Critical vulnerabilities left government systems, sensitive data open to cyberattacks during war

Critical cyber vulnerabilities left Israeli government systems and sensitive data exposed to attacks for an extended period, even during wartime, according to a State Comptroller report. The government continued using a remote-work platform with known flaws for 10 months after the National Cyber Directorate ordered its shutdown.

State Comptroller Matanyahu Englman highlighted significant deficiencies, stating the government must be well-prepared for cyberattacks, especially given threats from Iran. The reports found emergency bodies were not adequately prepared, and the risk of cyberattack exposure had not been sufficiently examined. While the National Cyber Directorate issued cyber-readiness instructions after October 7, they were not universally passed on to emergency bodies.

“

In light of the threats from Iran, the government must be well prepared for cyberattacks. The reports found significant deficiencies; they must be corrected immediately.

One of the most serious findings concerned the remote work platform.
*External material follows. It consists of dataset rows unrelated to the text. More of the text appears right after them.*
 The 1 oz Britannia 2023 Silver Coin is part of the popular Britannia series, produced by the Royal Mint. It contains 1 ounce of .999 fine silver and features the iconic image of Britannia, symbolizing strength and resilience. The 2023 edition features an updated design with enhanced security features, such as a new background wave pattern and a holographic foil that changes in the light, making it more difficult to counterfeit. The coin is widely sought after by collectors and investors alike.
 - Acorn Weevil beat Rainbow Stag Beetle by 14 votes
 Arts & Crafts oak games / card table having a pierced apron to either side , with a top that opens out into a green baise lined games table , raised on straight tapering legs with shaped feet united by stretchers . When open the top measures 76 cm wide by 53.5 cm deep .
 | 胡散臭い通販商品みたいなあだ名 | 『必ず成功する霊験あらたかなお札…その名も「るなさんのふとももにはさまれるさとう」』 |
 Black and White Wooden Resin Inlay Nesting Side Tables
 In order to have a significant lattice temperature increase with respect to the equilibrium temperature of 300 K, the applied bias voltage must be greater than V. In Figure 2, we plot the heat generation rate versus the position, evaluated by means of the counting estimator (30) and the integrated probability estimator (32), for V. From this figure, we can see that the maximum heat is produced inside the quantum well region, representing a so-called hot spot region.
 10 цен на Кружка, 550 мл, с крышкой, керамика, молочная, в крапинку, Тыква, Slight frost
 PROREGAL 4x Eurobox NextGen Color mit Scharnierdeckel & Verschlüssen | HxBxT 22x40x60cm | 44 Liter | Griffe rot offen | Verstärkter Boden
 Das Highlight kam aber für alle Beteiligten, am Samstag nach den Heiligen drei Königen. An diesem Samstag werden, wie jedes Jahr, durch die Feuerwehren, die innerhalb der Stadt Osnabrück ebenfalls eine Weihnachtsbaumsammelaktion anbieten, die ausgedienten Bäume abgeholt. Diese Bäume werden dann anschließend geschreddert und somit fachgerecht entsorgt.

Despite the National Cyber Directorate's instruction to cease its use, the National Digital Agency and 65% of government ministries continued employing it for 10 months, with usage only stopping in January 2025. The Fire and Rescue Authority lacked a business continuity plan for remote work, had not conducted required emergency exercises, and had not performed penetration tests until the audit. Similarly, the police had no technological business continuity plan, hadn't held emergency exercises, and conducted a penetration test of its remote-work system only in early 2025, years after the previous one.

The Foreign Ministry, identified as a major cyber target, also exhibited longstanding gaps. During the Gaza war, information-security incidents at Israeli missions abroad surged by approximately 500%, with hundreds of incidents in 2023, including an attempted embassy employee email breach. Englman described a continuing technological gap and an organizational culture incompatible with the defined threat level for the ministry, whose cyber and information-security policy had not been updated since 2018.

“

The picture emerging from the audit of the Foreign Ministry shows a continuing technological gap in the ministry’s computer systems that has lasted for many years, and an organizational culture that is not compatible with the reference threat defined for the Foreign Ministry.